Fox-1D
- Mission type: Communications
- Operator: AMSAT
- COSPAR ID: 2018-004AC
- SATCAT no.: 43137

Spacecraft properties
- Manufacturer: University of Iowa, Virginia Tech, Pennsylvania State-Erie, Radio Amateur Satellite Corporation
- Launch mass: 1.3 kilograms (2.9 lb)

Start of mission
- Launch date: 12 January 2018, 03:59 UTC
- Rocket: PSLV-XL C-40
- Launch site: Satish FLP

End of mission
- Decay date: 3 February 2024

Orbital parameters
- Reference system: Geocentric
- Regime: Low Earth
- Eccentricity: 0.0011184
- Perigee altitude: 490 kilometres (300 mi)
- Apogee altitude: 505 kilometres (314 mi)
- Inclination: 97.5331°
- RAAN: 238.3110°
- Argument of perigee: 77.5681°
- Mean motion: 282.6806°
- Epoch: 24 June 2018
- Revolution no.: 2484

= Fox-1D =

American amateur radio satellite

Fox-1D, AO-92 or AMSAT OSCAR 92 was an American amateur radio satellite.
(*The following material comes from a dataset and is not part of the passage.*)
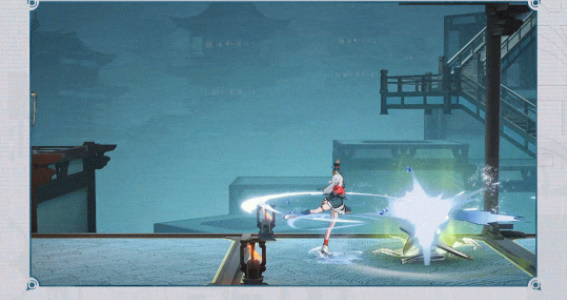 冲击靠近敌人后,释放一段派生攻击,造成水属性伤害。再次点击将消耗【霜能】进行【雪蝶回旋]】,持续攻击周身的敌人。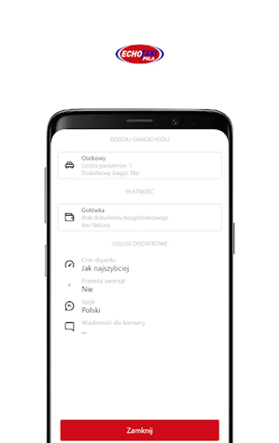 It's really simple! You don't have to call anywhere - the Echo Taxi Piła application is enough. You do not need to have cash with you - we accept payment cards. You do not need to know where you are - your GPS will tell us and we will come to the point.

Fox-1D was a 1U CubeSat developed and built by AMSAT-NA. Fox-1D carried a single-channel transponder for mode U/V in FM. Fox-1D had an L-band converter (the AMSAT L-band downshifter experiment), which allowed the FM transponder to be switched on an uplink in the 23 cm band.

To enable it to launch under NASA's ELaNa (Educational Launch of Nanosatellites) program, the satellite continued to carry the following scientific and technical payloads:

- High Energy Radiation CubeSat (HERCI);
- Camera Experiment;
- MEMS GYRO Experiment.

The satellite had a single whip antenna for the 70 cm and 23 cm bands (uplink), as well as an antenna for the 2 m band (downlink).

==Mission==
The satellite was launched on 12 January 2018 at 03:59 UTC with a PSLV XL rocket, along with the main payloads Cartosat-2F, NovaSAR-S, and 31 other small satellites from the Satish Dhawan Space Centre, India. At 05:17 UTC, the antennas were deployed over the North Pole and the satellite began to work. At 05:28 UTC the first telemetry was received and commissioning occurred over approximately two weeks.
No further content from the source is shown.